After Da Gama had opened the route to Cathay by the Cape of Good Hope, and Columbus had, as he supposed, touched the eastern confines of the same country, the wonderful stories of Asiatic glories told by Nicolas de Conti were translated, by order of King Emanuel (in 1500), into Portuguese. It is no wonder that the interest in the development of 1492 soon waned when the world began to compare the descriptions of the region beyond the Ganges, as made known by Marco Polo, and so recently by Conti, and the apparent confirmation of them established by the Portuguese, with the meagre resources which Columbus had associated with the same country, in all that he could say about the Antilles or bring from them. An adventurous voyage across the Sea of Darkness begat little satisfaction, if all there was to show for it consisted of men with tails or a single eye, or races of Amazons and cannibals.
Columbus's lack of generosity.
When we view the character of Columbus in its influence upon the minds of men, we find some strange anomalies. Before his passion was tainted with the ambition of wealth and its consequence, and while he was urging the acceptance of his views for their own sake, it is very evident that he impressed others in a way that never happened after he had secured his privileges. It is after this turning-point of his life that we begin to see his falsities and indiscretions, or at least to find record of them. The incident of the moving light in the night before his first landfall is a striking instance of his daring disregard of all the qualities that help a commander in his dominance over his men. It needs little discrimination to discern the utter deceitfulness of that pretense. A noble desire to win the loftiest honors of the discovery did not satisfy a mean, insatiable greed. He blunted every sentiment of generosity when he deprived a poor sailor of his pecuniary reward. That there was no actual light to be seen is apparent from the distance that the discoverers sailed before they saw land, since if the light had been ahead they would not have gone on, and if it had been abeam they would not have left it. The evidence is that of himself and a thrall, and he kept it secret at the time. The author of the Historie sees the difficulty, and attempts to vaporize the whole story by saying that the light was spiritual, and not physical. Navarrete passes it by as a thing necessary, for the fame of Columbus, to be ignored.
His enforced oath at Cuba.
A second instance of Columbus's luckless impotence, at a time when an honorable man would have relied upon his character, was the attempt to make it appear that he had reached the coast of Asia by imposing an oath on his men to that effect, in penalty of having their tongues wrenched out if they recanted. One can hardly conceive a more debasing exercise of power.

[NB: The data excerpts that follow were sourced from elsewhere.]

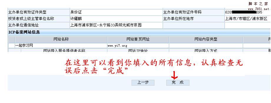 第十步:这一步非常重要,这一步填写的信息是否准确决定着备案的第一步能否通过,所以这一步填写的信息必须准确;填写完毕后点“提交”进入下一步: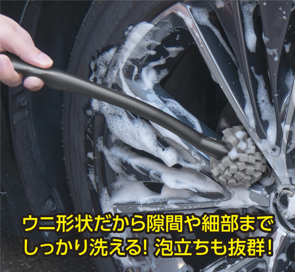 ブラシはアルミを傷つけにくい豚毛製が好まれているが、最近ではさらに進化したスポンジブラシを使用するドライバーが増えた。素材にはポリプロピレンが採用されており、毛の部分を細かな網状にすることで、固着した頑固な汚れをきれいに掻き出すことができる。ただ、ホイールのデザインによっては細かなところにブラシが届かないことがある。このような場合は、使い古した歯ブラシなどを利用すると便利だ。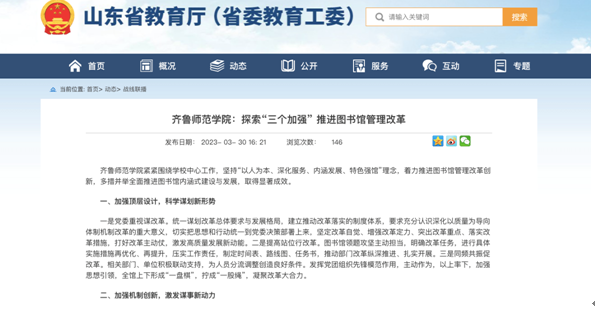 3月30日,省教育厅战线联播栏目发布了《齐鲁师范学院:探索“三个加强” 推进图书馆管理改革》,文章分别从“加强顶层设计、加强机制创新、加强作用发挥”三个方面阐述了学校图书馆管理改革工作所取得的显著成效。

His ambition of territorial power.
His insistence upon territorial power was the serious mistake of his life. He thought, in making an agreement with his sovereigns to become a viceroy, that he was securing an honor; he was in truth pledging his happiness and beggaring his life. He sought to attain that which the fates had unfitted him for, and the Spanish monarchs, in an evil day, which was in due time their regret, submitted to his hallucinated dictation. No man ever evinced less capacity for ruling a colony.
His professed inspiration.
The most sorrowful of all the phases of Columbus's character is that hapless collapse, when he abandoned all faith in the natural world, and his premonitions of it, and threw himself headlong into the vortex of what he called inspiration.